The hotel, the Gazelle D'or, at around £600 a night, is rather special. Visitors have allegedly included Michael Portillo, Jacques Chirac, Fergie, Rory Bremner, Mick Jagger, hosts of pop stars, statesmen, politicians, personalities, and 'the world's wealthiest closet Queens.'

According to Scallywag magazine, "As far as Westminster is concerned, the Gazelle D'or was first "discovered" by the notorious gay MP Sir Charles "Charley" Irving who died from aids in 1993. Irving, who chaired the Commons catering Committee, was famous for his private parties in the Pugin room in Westminster where he outrageously flirted with the male members of staff. Many of the 100-plus gay Tory MP's who inhabit "The Palace", often furtively, were fellow guests........

The REAL attraction of the Gazelle D'or is not just the exclusivity, or the fabulous luxury. It is, quite simply, that they boast one of the most superlative men-only Turkish baths, Sauna and Massage Parlour in the world, manned by hand-picked and specially trained swarthy Berbers who are most willing to accommodate every whim of their customers. The whole concept of the place is designed to be a veritable paradise for gays."

12. Some educated young Moroccans admire all things French and Western. But a large number of Moroccans reject all things Western and non-Islamic. The latter group can be very hostile to tourists.

Sorcery plays a big part in Moroccan lives. There seems to be as much belief in 'magic' as in Islam. The kid who thinks you are a foreign 'devil' may be frightened of the evil eye. The shoeshine boys troubled me.

If I had my shoes shined and paid 30 pence, then six other boys would appear and they would follow me, requesting money. If I gave money to a kid whose photo I had taken as he sat on a donkey, then six kids, then twenty six kids would appear, all demanding money. One group of boys threw stones at me after I had refused to give them cash.

There is a law against troubling tourists; but it has not entirely solved the problem! Moroccans seldom seem to feel guilt or shame. They do not seem to feel guilty when they have cheated you. They may only feel shame when they have been sent to Coventry by their fellows, for example for breaking Islamic rules.

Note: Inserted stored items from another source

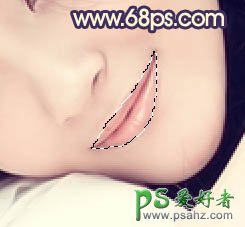 11、用钢笔工具把人物嘴唇部分抠出来,如图20。转为选区后按Ctrl + Alt + D 羽化1个像素后创建色彩平衡调整图层,参数设置如图21,效果如图22。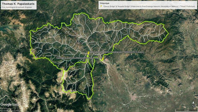 Εικόνα 3. Η απεικόνιση 1).της λεκάνης απορροής, [μεγάλη επιφάνεια με περίγραμμα με «ανοιχτή πράσινη» απόχρωση, που αντιστοιχεί έως την θέση όπου έχει κατασκευαστεί η «Γέφυρα Διάβας”», (“Δήμου Μετεώρων”), Νομού Τρικάλων”»] και του (πλήρως ανεπτυγμένου) αντίστοιχου, περιεχόμενου σε αυτήν, υδρογραφικού δικτύου (γραμμές με «άσπρη» απόχρωση), του «Πηνειού Ποταμού» και 2). της λεκάνης απορροής, [μικρή επιφάνεια με περίγραμμα με, επίσης, «ανοιχτή πράσινη» απόχρωση, που αντιστοιχεί έως την θέση όπου έχει κατασκευαστεί η «Γέφυρα Αμπελίων”», (“Δήμου Μετεώρων”), Νομού Τρικάλων”»] και του (πλήρως ανεπτυγμένου) αντίστοιχου, περιεχόμενου σε αυτήν, υδρογραφικού δικτύου (γραμμές με «άσπρη» απόχρωση), του «Ποταμού Πηνειού» (και συγκεκριμένα του «Κλεινοβίτικου Ρέματος», το οποίο αποτελεί παραπόταμο του «Πηνειού Ποταμού»), επί του υπόβαθρου της διαδικτυακής πλατφόρμας «Google Earth» [1,2,4,10].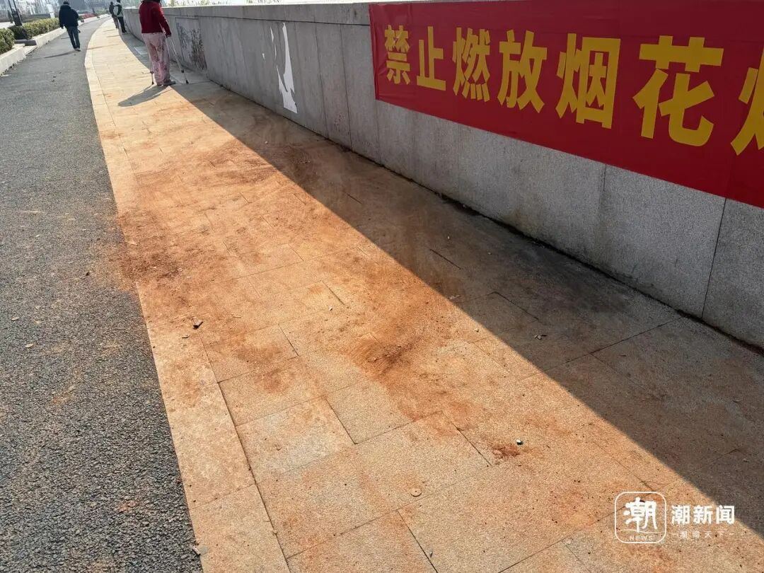 远远望去,原本整洁干净的海塘已“沾染”了烟花硫黄的痕迹,一片土黄色铺撒在路面,很是显眼。

How do I explain the 'rough' conduct of moroccan boys? The Moroccan boy is expected by his mother to be spontaneous, demanding and egotistical. The boy is king. The mother is of lowly status. The father has either gone off with another woman or is out at the cafe or is somewhere else. "The father typically remains absent from the household through major portions of each day in his child's life," according to 'Images and Self Images' by Dwyer (Columbia University press). The father and the mother seldom love each other. Their marriage was one of convenience.

13. Morocco is for the holiday that is exciting and adventurous. It is a trip into the Third World. It is not necessarily going to be stress-free. Morocco needs tourists. It's economy is in trouble and tourism is one o f the few areas where expansion can take place.

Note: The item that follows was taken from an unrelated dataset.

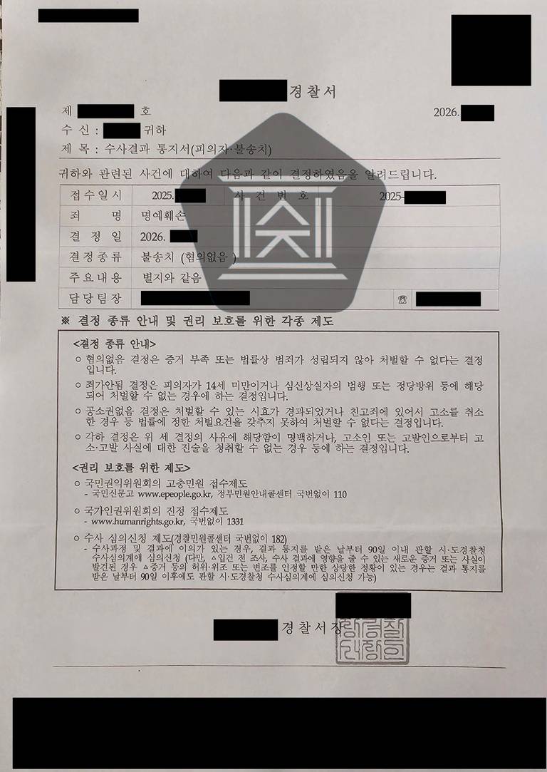 1. 명예훼손 불송치결정을 위한 인천 변호사의 조력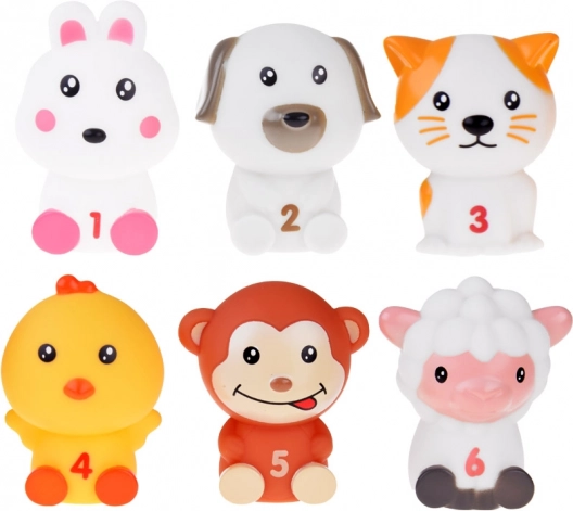 Komplet gumijastih živalic z hišicami in številkami spodbuja ustvarjalnost in učenje, primeren tudi za igro v kadi.

But, not all Moroccans welcome tourists! So, it is probably best to avoid places like Casablanca, because of the violent crime, and Tangier, because of the hustlers and occasional muggings (I got mugged at knifepoint on a main street in Tangier in broad daylight).

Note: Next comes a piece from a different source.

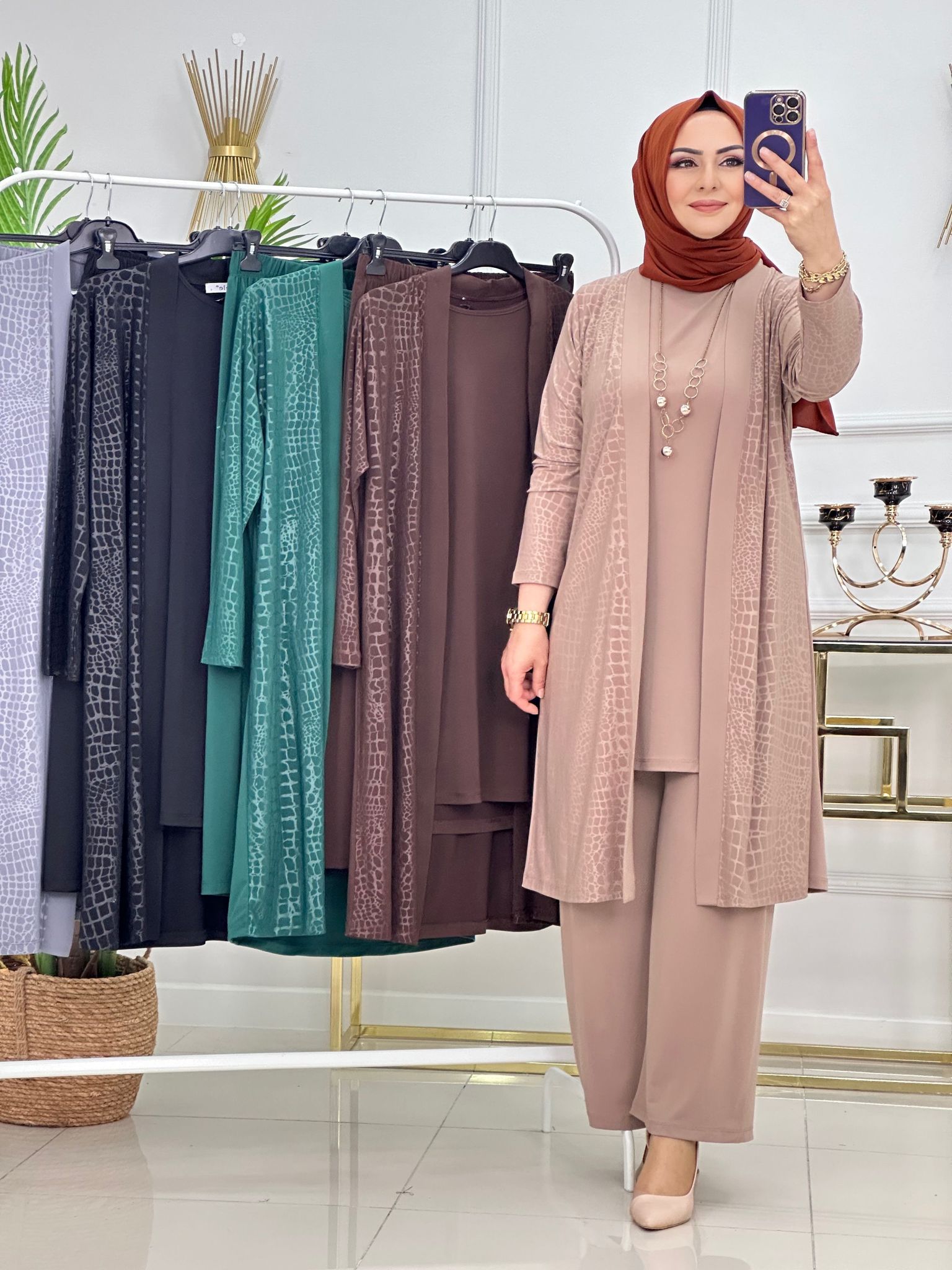 Ürün sıfır kollu içlik hırka ve pantolon olarak üç parça takımdır

Agadir is generally geared up for sunshine worshippers, but is not very Moroccan. You'd be better off in the Canary Islands.

Fes is fascinating, but expect a lot of hassle and a lot of litter and filth. An Imperial Cities Tour would be a good bet as you would be escorted most of the time.

Marrakech is probably your best bet, but go with an organised tour which will protect you from hassles. Choose your hotel carefully. Generally the higher the price, the better the hotel!

Ouarzazate would be a bit too hot for my liking, but you might like it. Don't expect to find much to do, other than organised trips.

Essaouira is a pleasant fishing village. But you might get bored after a week.

Taroudannt is a good base for organised excursions into the mountains, but the town itself has little to offer. There are lots of 'adventure' trips into the mountains. Remember it can be cold and primitive up in these hills full of scorpions. And there are few toilets.

14. Most Moroccans, especially those over 40 years of age, are reasonably kind and helpful. Don't be put off by the stone throwers.